### AIM OF THE TASK
Below are the records; extract from them the line containing "Cool sneakers fra" to the line containing "Microsoft isn’t far", both lines included, exactly and with no pictures.

### LISTED RECORDS

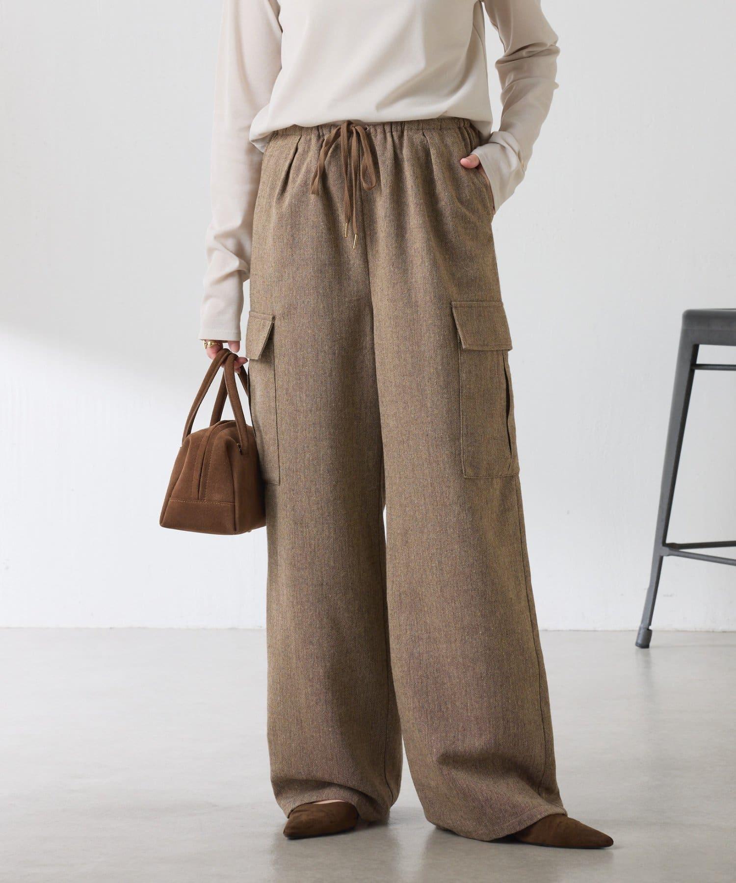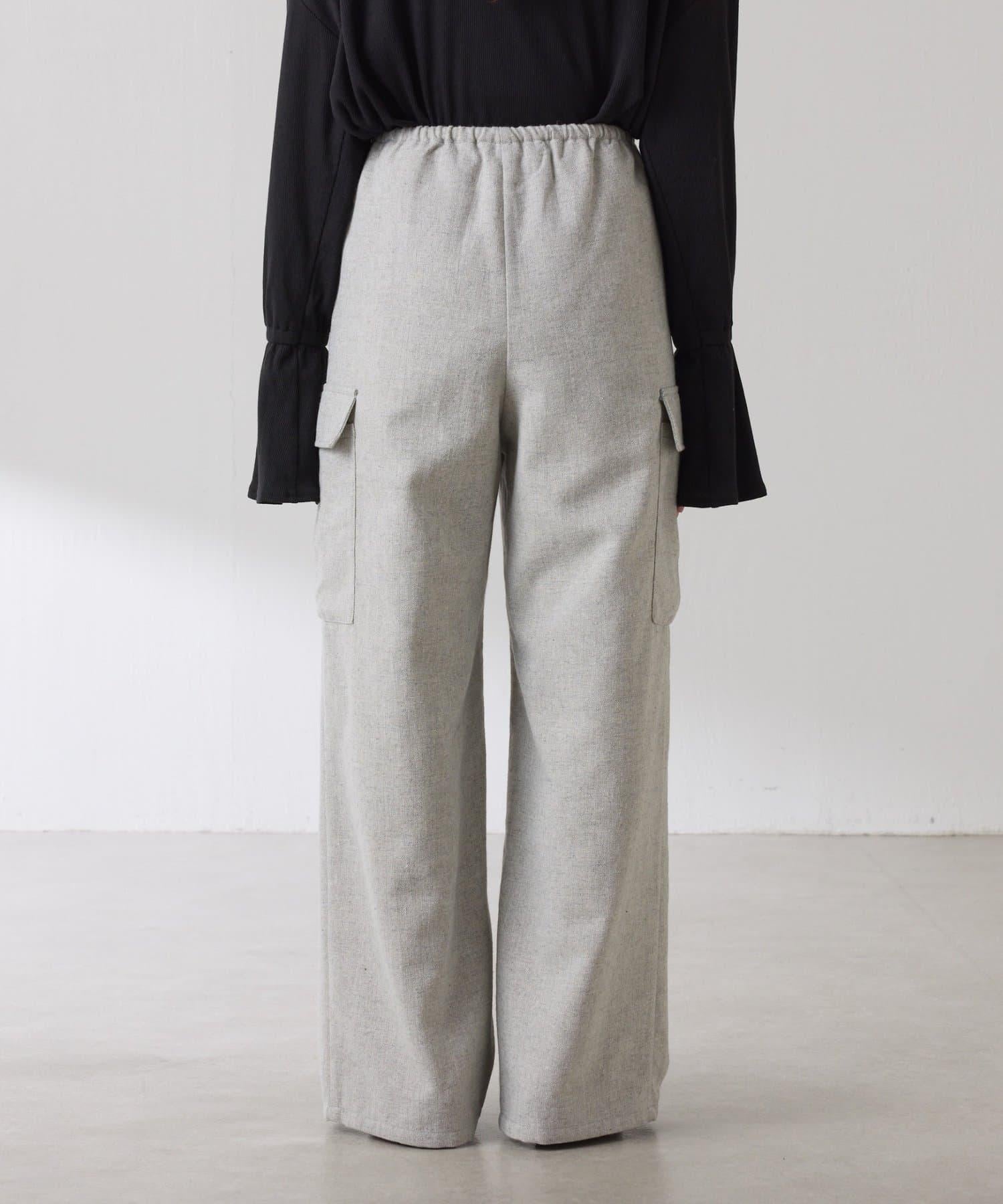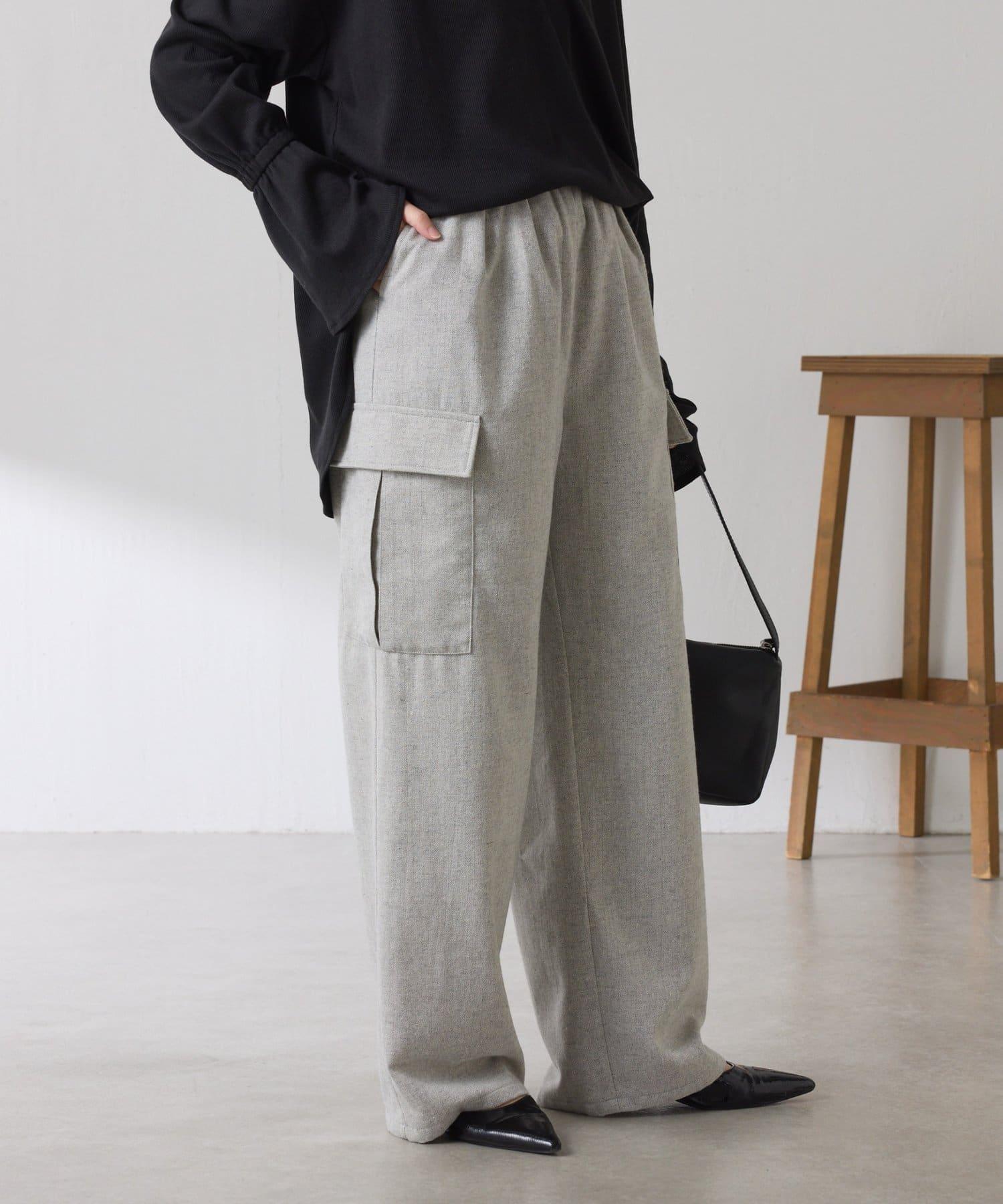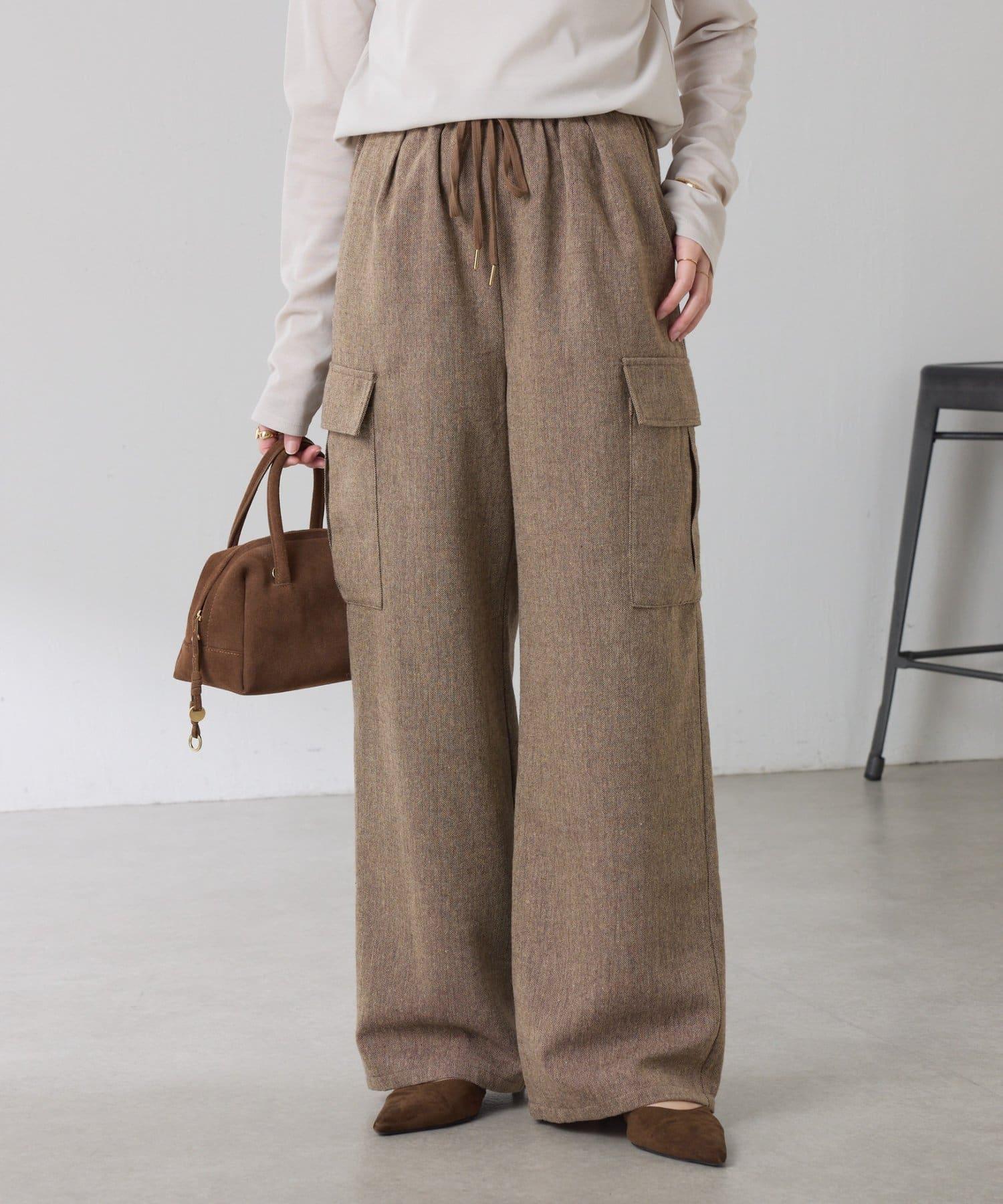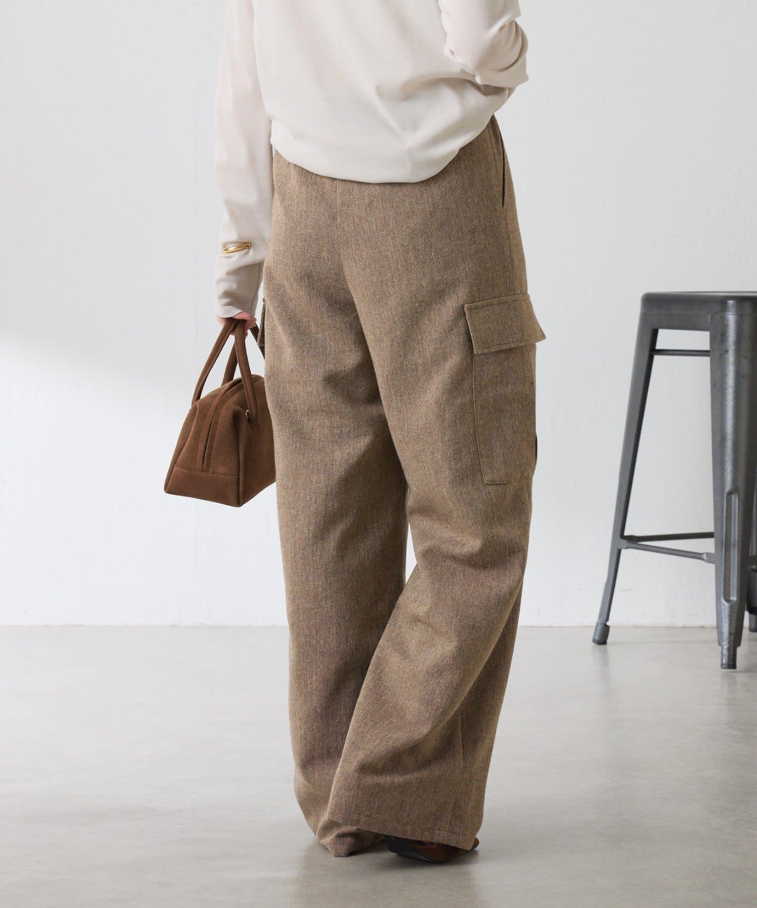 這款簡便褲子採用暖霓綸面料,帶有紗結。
==
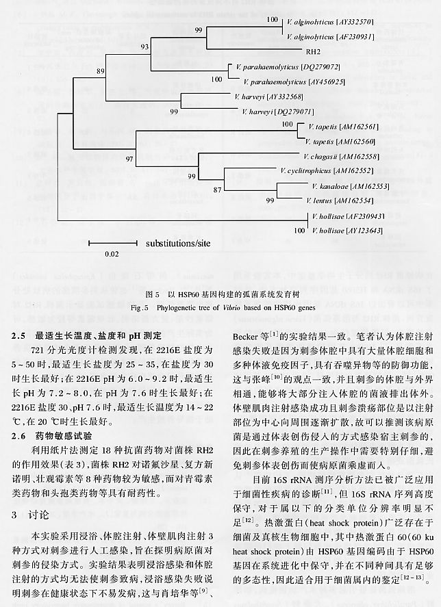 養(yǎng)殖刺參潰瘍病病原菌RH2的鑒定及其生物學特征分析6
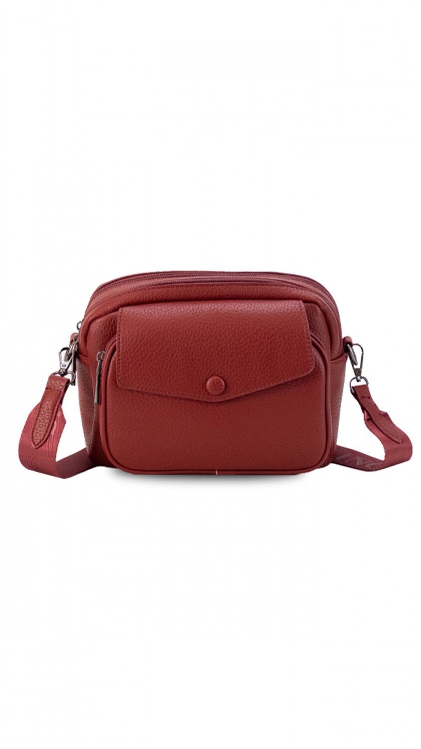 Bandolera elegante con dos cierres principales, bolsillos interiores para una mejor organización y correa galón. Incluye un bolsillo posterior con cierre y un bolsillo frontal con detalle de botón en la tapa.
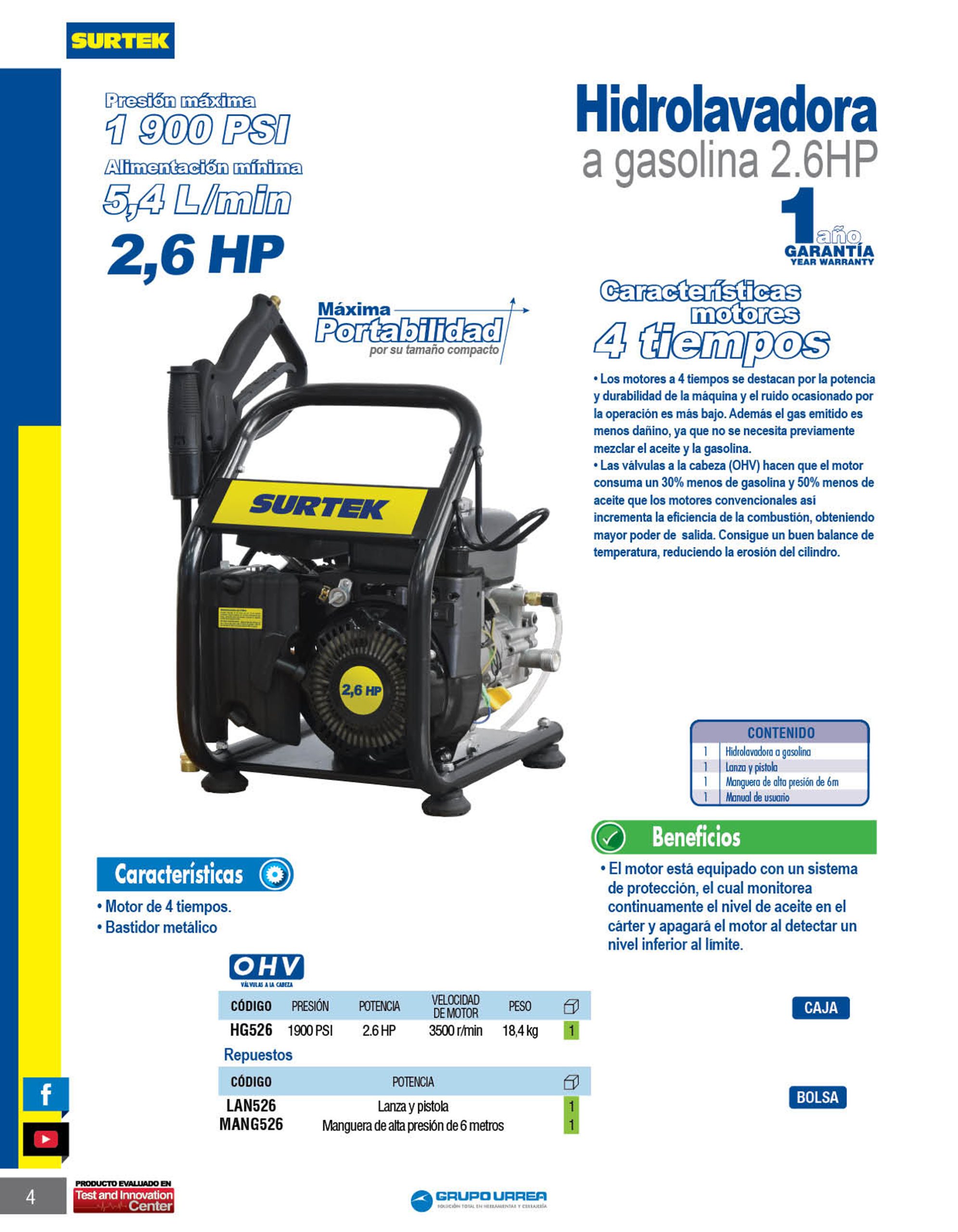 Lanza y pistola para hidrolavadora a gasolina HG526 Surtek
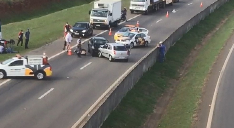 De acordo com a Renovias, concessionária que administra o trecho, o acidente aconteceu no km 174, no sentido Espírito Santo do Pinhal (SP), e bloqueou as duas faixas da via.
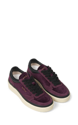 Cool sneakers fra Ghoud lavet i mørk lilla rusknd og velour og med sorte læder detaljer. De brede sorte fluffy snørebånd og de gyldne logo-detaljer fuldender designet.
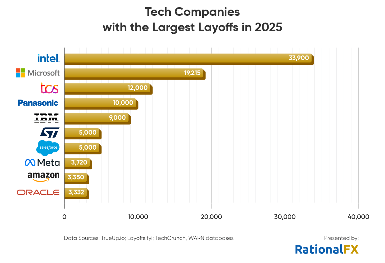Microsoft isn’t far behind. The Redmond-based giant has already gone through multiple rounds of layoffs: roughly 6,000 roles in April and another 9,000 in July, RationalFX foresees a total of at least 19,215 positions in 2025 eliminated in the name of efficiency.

### ANSWER SECTION
 Cool sneakers fra Ghoud lavet i mørk lilla rusknd og velour og med sorte læder detaljer. De brede sorte fluffy snørebånd og de gyldne logo-detaljer fuldender designet.
Microsoft isn’t far behind. The Redmond-based giant has already gone through multiple rounds of layoffs: roughly 6,000 roles in April and another 9,000 in July, RationalFX foresees a total of at least 19,215 positions in 2025 eliminated in the name of efficiency.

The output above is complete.